What you have to do – Exact copy, no pictures: take the lines of the listing below from the first through the one containing "El tractor discurre".

Input data –
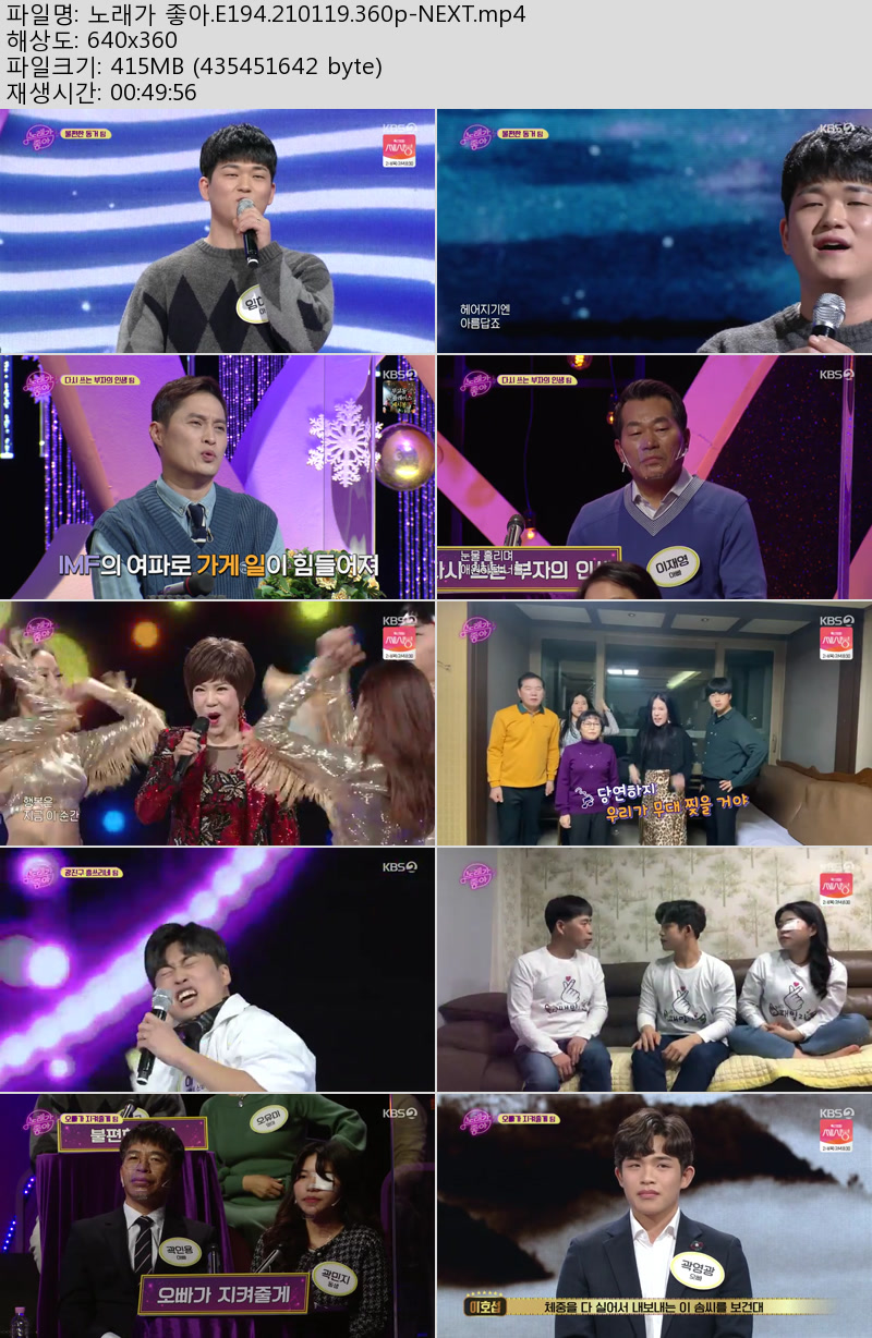 - 노래가 좋아.E194.210119.360p-NEXT.mp4 (415.3M) 다운로드 : 35,443
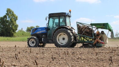El tractor discurre por la distancia adecuada entre las calles y los agricultores van plantando las estacas cada 50 centímetros.
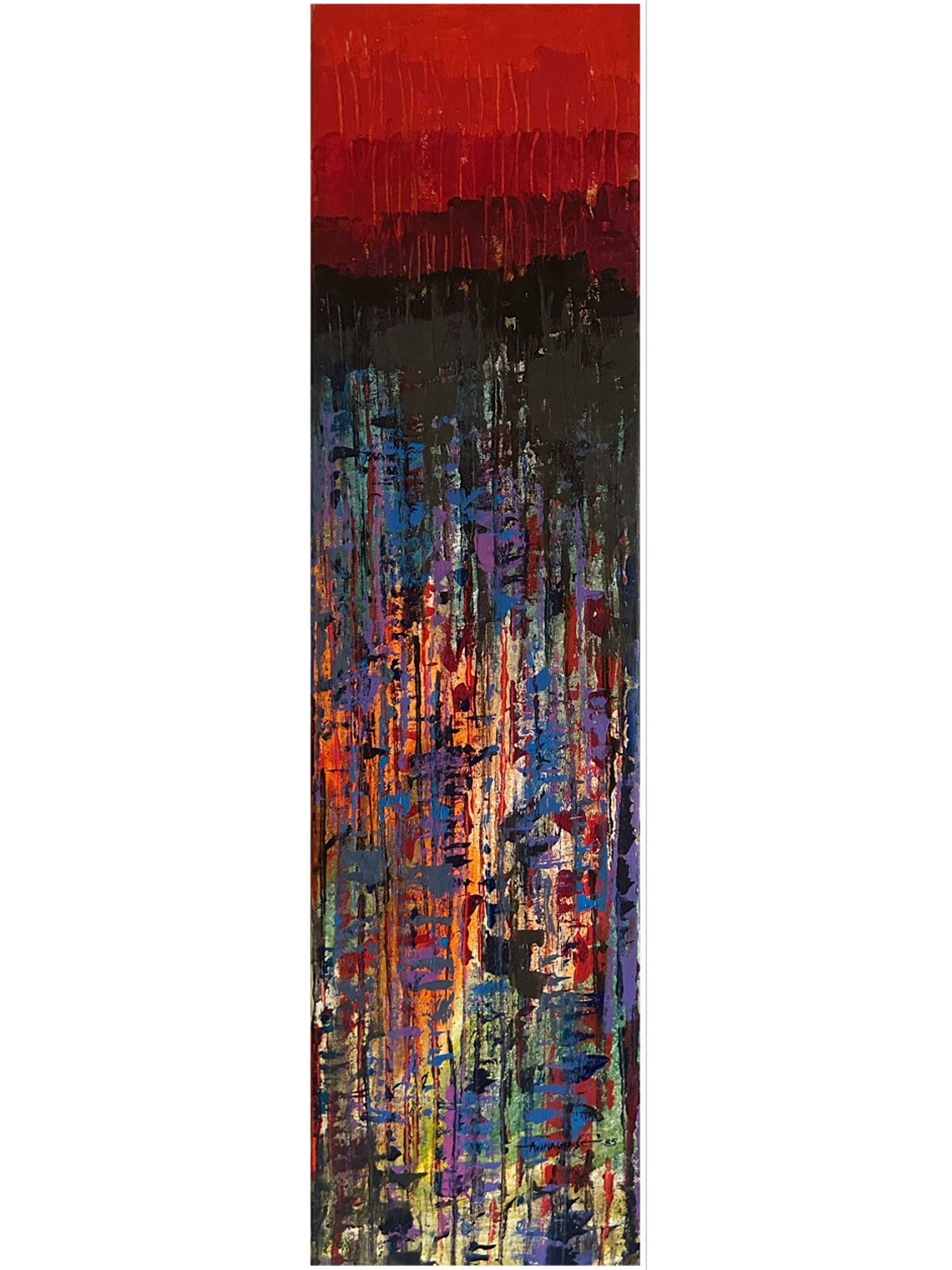 While abstract, this piece can evoke the spirit of ancient Indian art, where color and form often served as conduits for profound narratives and spiritual exploration. The verticality and bold color blocking might suggest the dramatic descent of a deity or the energetic flow of cosmic forces. It speaks to a modern interpretation of timeless artistic impulses.

Written answer –
 - 노래가 좋아.E194.210119.360p-NEXT.mp4 (415.3M) 다운로드 : 35,443
El tractor discurre por la distancia adecuada entre las calles y los agricultores van plantando las estacas cada 50 centímetros.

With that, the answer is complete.